**Exercise requirements**
Your output must be the lines below from the line containing "1주택자일 때도 가능한가?" to the line containing "You should be", both lines included, reproduced exactly and without pictures.

**Data under study**

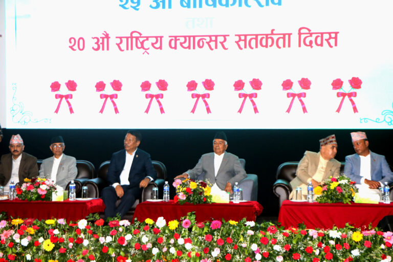 “क्यान्सर रोगको उपचार, रोकथाम तथा नियन्त्रण र अध्ययन अनुसन्धानमा आवश्यक जनशक्ति उत्पादन गर्न तथा अस्पतालको सेवालाई चुस्तदुरुस्त र अन्तर्राष्ट्रियस्तरमा स्तरोन्नति गर्न नेपाल सरकारलाई विशेष ध्यान पु¥याउनु आग्रह गर्दछु”, राष्ट्रपति पौडेलले भने ।
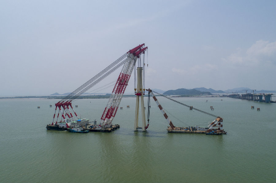 大橋的鋼塔全部采取工廠化制造。架設時,先在1200噸浮吊的配合下,利用我國自主研制的目前最大起重量為3600噸的雙臂浮吊完成鋼塔空中翻轉、豎轉至鉛錘狀態后,再吊至橋墩上方,與橋墩鋼箱梁頂面預留節段精確對位。
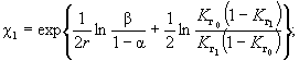 Величины χ1 и χ2 следует рассчитывать по формулам:
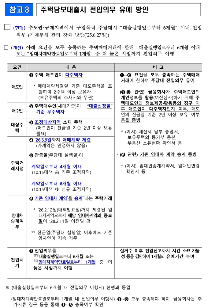 ◆임대 중인 주택에 대한 실거주 의무 유예와 주택담보대출 전입신고 기한 유예는 매도인이 1주택자일 때도 가능한가?
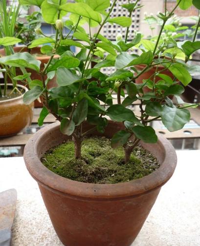 4.土壤。新买的茉莉花都是园土,容易板结。换盆的时候用偏酸性的土壤。那么怎么辨别酸性土壤呢。酸性土壤一般都是黑土,抓在手里仔细的看里面有米粒大小的土粒,比如深山里肥沃的黑土,森林里的腐叶土都是酸性土壤。花店也可以买到买腐叶土,和肥料和普通的土按照3:2:1的比例混合,栽种茉莉花最好了。
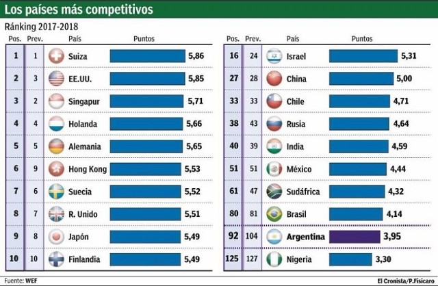 En base a esta calificación, el WEF ubica a la Argentina como un país "en
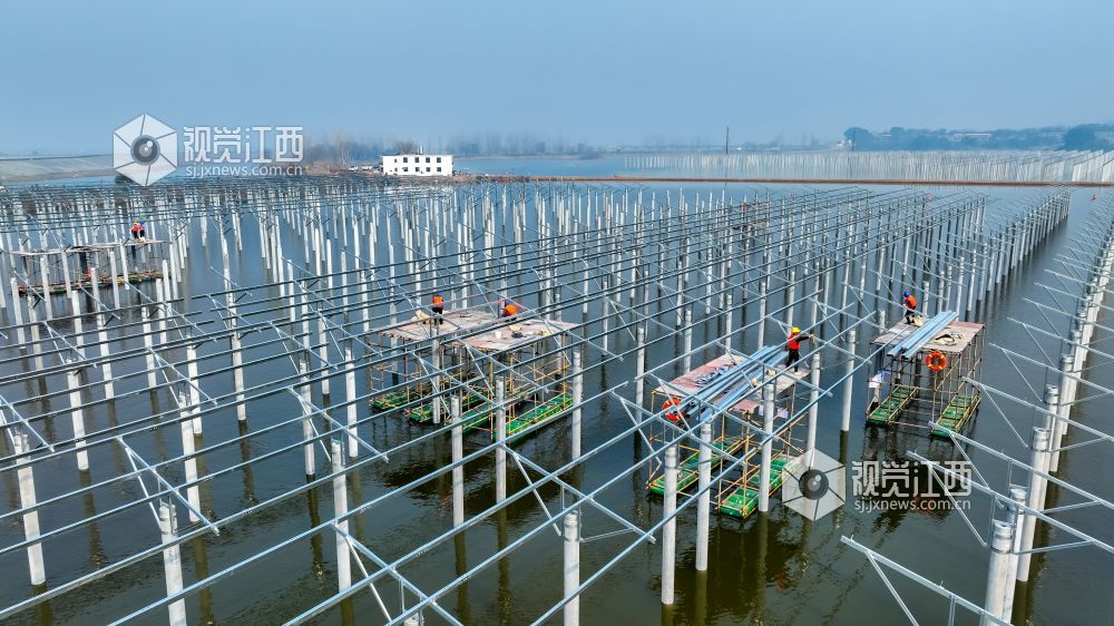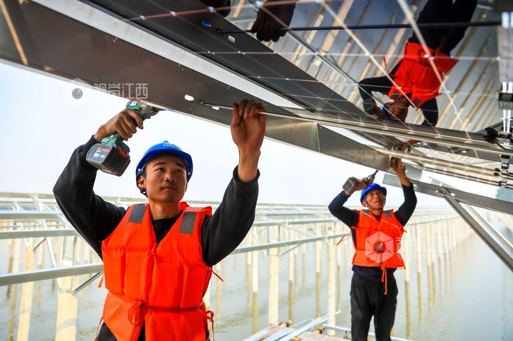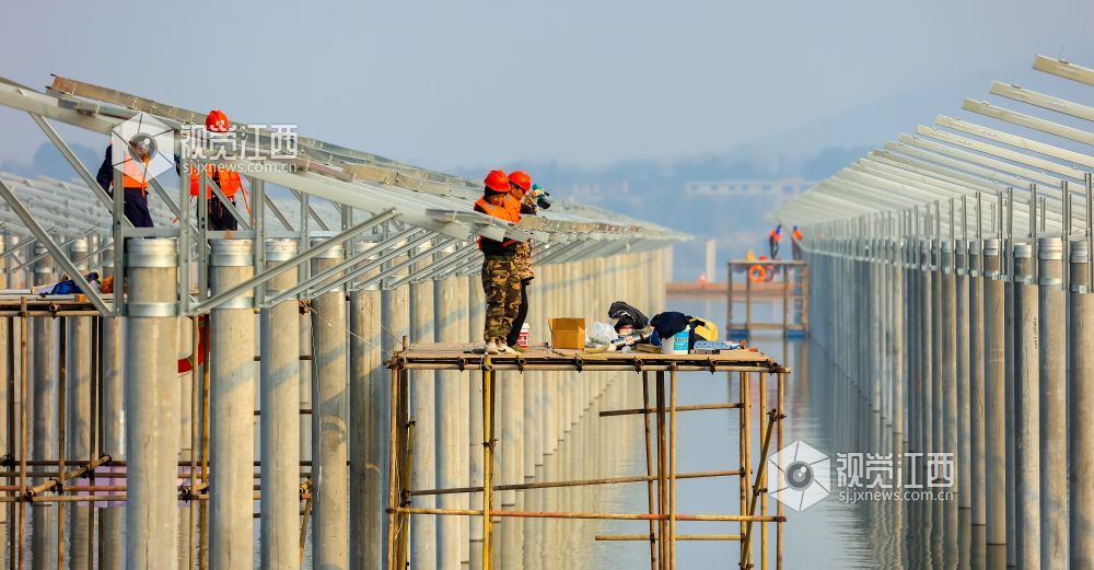 2023年12月28日,江西省九江市柴桑区新塘乡紫荆村麦西湖102兆瓦渔光互补光伏发电项目工地上,工人正在加快项目建设,现场一派繁忙。
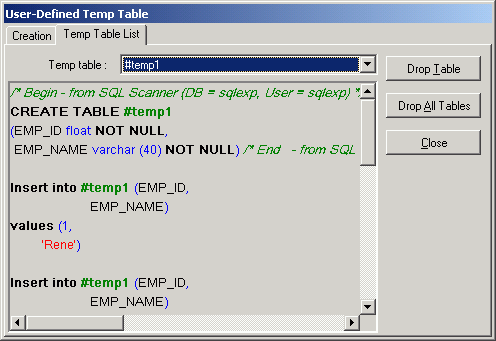 After the user-defined temporary tables are created, you can view the SQL scripts used to create and populate the tables.
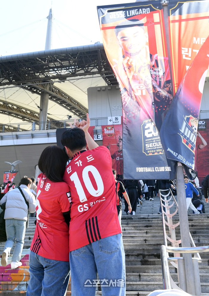 축구팬들이 10일 서울월드컵경기장에서 열리는 하나원큐 K리그1 FC서울과 인천 유나이티드의 경기를 관전하기 위해 경기장으로 입장하고 있다. 프리미어리그 맨체스터 유나이티드와 잉글랜드 국가대표 제시 린가드의 영입으로 FC서울의 홈 개막전에는 예약 관중만 4만 명 이상의 축구팬이 몰렸다. 2024. 3. 10. 박진업 기자 upandup@sportsseoul.com
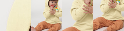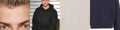 Set-in sleeve. Double-layered hood in single Jersey. Wider neck opening for easy dressing. Inside back neck tape in single Jersey. Self-fabric half-moon at back nec. Single needle topstitch at neckline and along hood opening. 1x1 rib at sleeve hem and bottom hem. Sleeve hem and bottom hem with twin-needle topstitch.
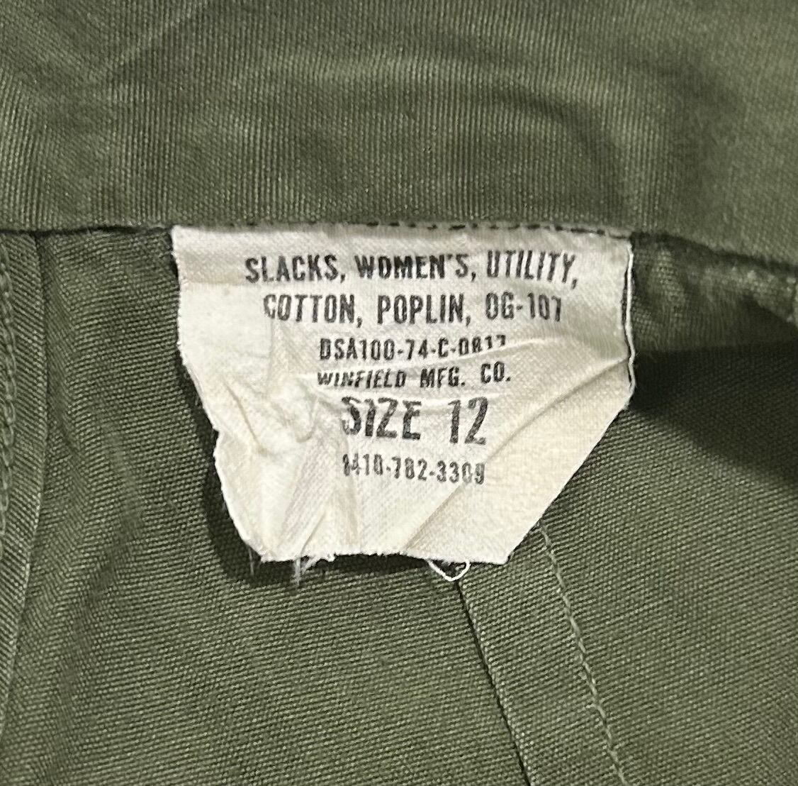 女性用 OG107 陸軍 vietnam ナム戦 ノンリップ OD上下セット usarmy nurse ナース 第44衛生旅団
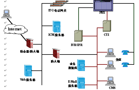 AllCom ICC呼叫中心采用開放的和可擴展的體系結(jié)構(gòu),通過高度靈活的系統(tǒng)平臺,為客戶提供Internet多媒體的接入方式。圖中右側(cè)是傳統(tǒng)呼叫中心部分,左側(cè)為Internet呼叫中心所特有的,其中關(guān)鍵部件為Internet呼叫管理(ICM)和IP電話網(wǎng)關(guān)(ITG)。
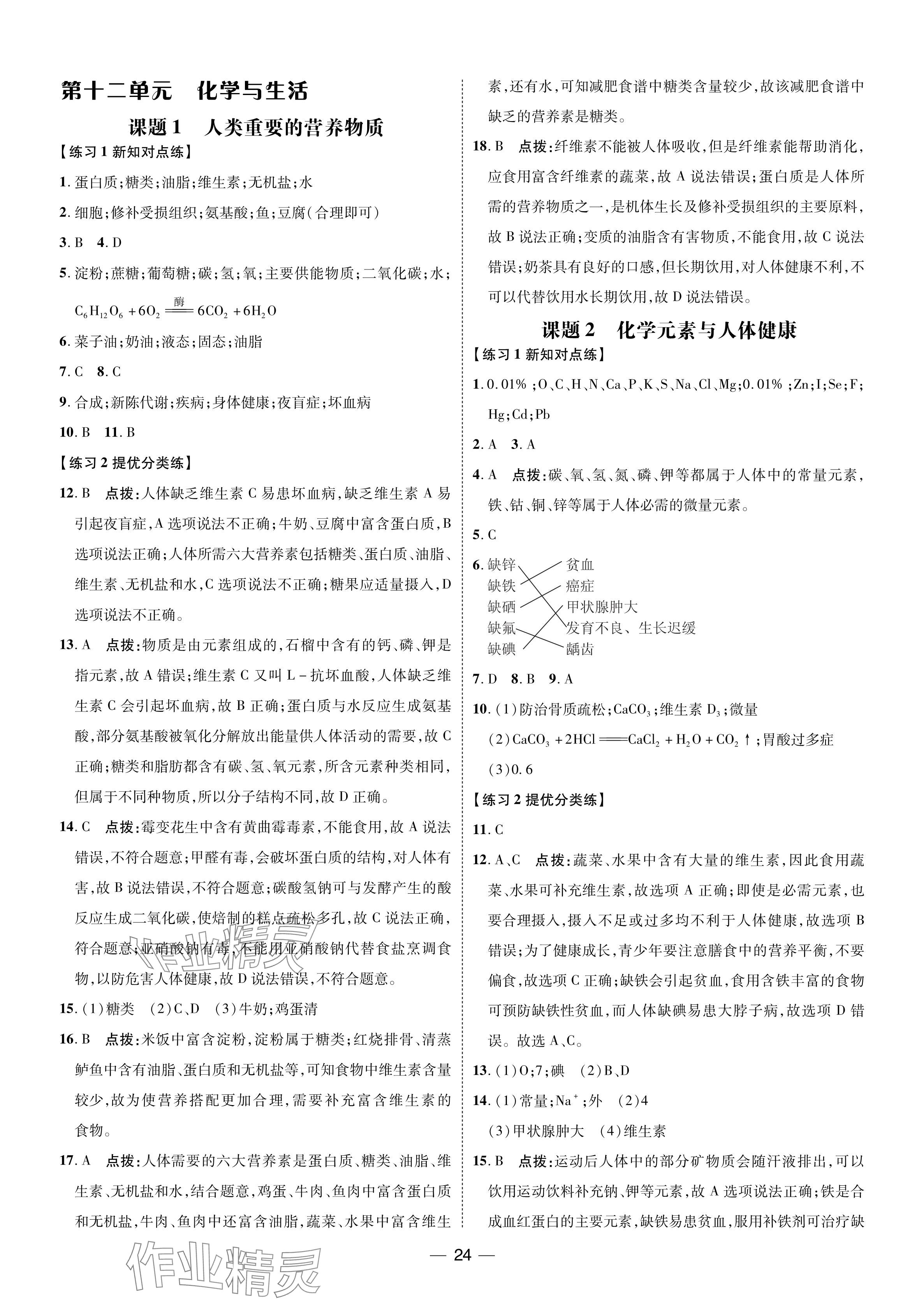 注:目前有些书本章节名称可能整理的还不是很完善,但都是按照顺序排列的,请同学们按照顺序仔细查找。练习册 2024年点拨训练九年级化学下册人教版福建专版 答案主要是用来给同学们做完题方便对答案用的,请勿直接抄袭。
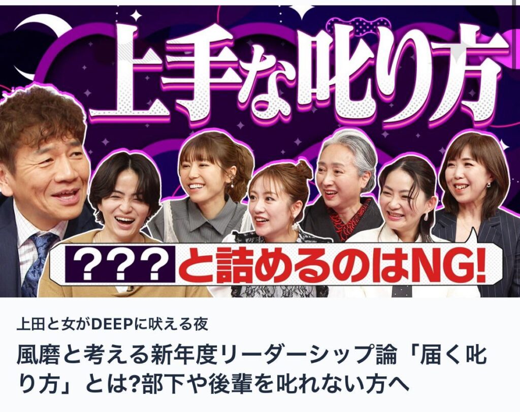 こんにちは!齋藤直美です。いよいよ、今夜放送です! 日本テレビ「上田と女がDEEPに吠える夜」に人材育成の専門家として出演します。ぜひご覧いただけたら嬉しいです(^-^)……で、こ... -
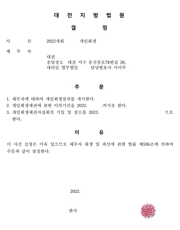 개인회생이 법원의 업무인만큼 형식과 요건에 맞춰야 하지만, 전문성이 있는 대리인이라면
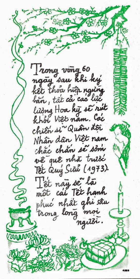 You should be with your loved ones in time to enjoy spring. The ceasefire agreement has been signed and all American and Korean forces will be withdrawn from Vietnam. The soldiers of North Vietnam can return home.
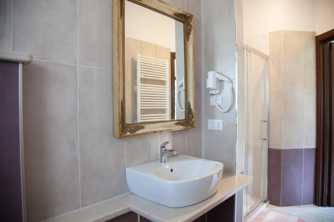 Camera Tripla Standard. Providing free toiletries and bathrobes, this triple room includes a private bathroom with a walk-in shower, a bidet and a hairdryer. The air-conditioned triple room provides a flat-screen TV with satellite channels, a private entrance, soundproof walls, a minibar as well as garden views.

**Result of this task**
 ◆임대 중인 주택에 대한 실거주 의무 유예와 주택담보대출 전입신고 기한 유예는 매도인이 1주택자일 때도 가능한가?
 4.土壤。新买的茉莉花都是园土,容易板结。换盆的时候用偏酸性的土壤。那么怎么辨别酸性土壤呢。酸性土壤一般都是黑土,抓在手里仔细的看里面有米粒大小的土粒,比如深山里肥沃的黑土,森林里的腐叶土都是酸性土壤。花店也可以买到买腐叶土,和肥料和普通的土按照3:2:1的比例混合,栽种茉莉花最好了。
 En base a esta calificación, el WEF ubica a la Argentina como un país "en
 2023年12月28日,江西省九江市柴桑区新塘乡紫荆村麦西湖102兆瓦渔光互补光伏发电项目工地上,工人正在加快项目建设,现场一派繁忙。
 After the user-defined temporary tables are created, you can view the SQL scripts used to create and populate the tables.
 축구팬들이 10일 서울월드컵경기장에서 열리는 하나원큐 K리그1 FC서울과 인천 유나이티드의 경기를 관전하기 위해 경기장으로 입장하고 있다. 프리미어리그 맨체스터 유나이티드와 잉글랜드 국가대표 제시 린가드의 영입으로 FC서울의 홈 개막전에는 예약 관중만 4만 명 이상의 축구팬이 몰렸다. 2024. 3. 10. 박진업 기자 upandup@sportsseoul.com
 Set-in sleeve. Double-layered hood in single Jersey. Wider neck opening for easy dressing. Inside back neck tape in single Jersey. Self-fabric half-moon at back nec. Single needle topstitch at neckline and along hood opening. 1x1 rib at sleeve hem and bottom hem. Sleeve hem and bottom hem with twin-needle topstitch.
 女性用 OG107 陸軍 vietnam ナム戦 ノンリップ OD上下セット usarmy nurse ナース 第44衛生旅団
 AllCom ICC呼叫中心采用開放的和可擴展的體系結(jié)構(gòu),通過高度靈活的系統(tǒng)平臺,為客戶提供Internet多媒體的接入方式。圖中右側(cè)是傳統(tǒng)呼叫中心部分,左側(cè)為Internet呼叫中心所特有的,其中關(guān)鍵部件為Internet呼叫管理(ICM)和IP電話網(wǎng)關(guān)(ITG)。
 注:目前有些书本章节名称可能整理的还不是很完善,但都是按照顺序排列的,请同学们按照顺序仔细查找。练习册 2024年点拨训练九年级化学下册人教版福建专版 答案主要是用来给同学们做完题方便对答案用的,请勿直接抄袭。
 こんにちは!齋藤直美です。いよいよ、今夜放送です! 日本テレビ「上田と女がDEEPに吠える夜」に人材育成の専門家として出演します。ぜひご覧いただけたら嬉しいです(^-^)……で、こ... -
 개인회생이 법원의 업무인만큼 형식과 요건에 맞춰야 하지만, 전문성이 있는 대리인이라면
 You should be with your loved ones in time to enjoy spring. The ceasefire agreement has been signed and all American and Korean forces will be withdrawn from Vietnam. The soldiers of North Vietnam can return home.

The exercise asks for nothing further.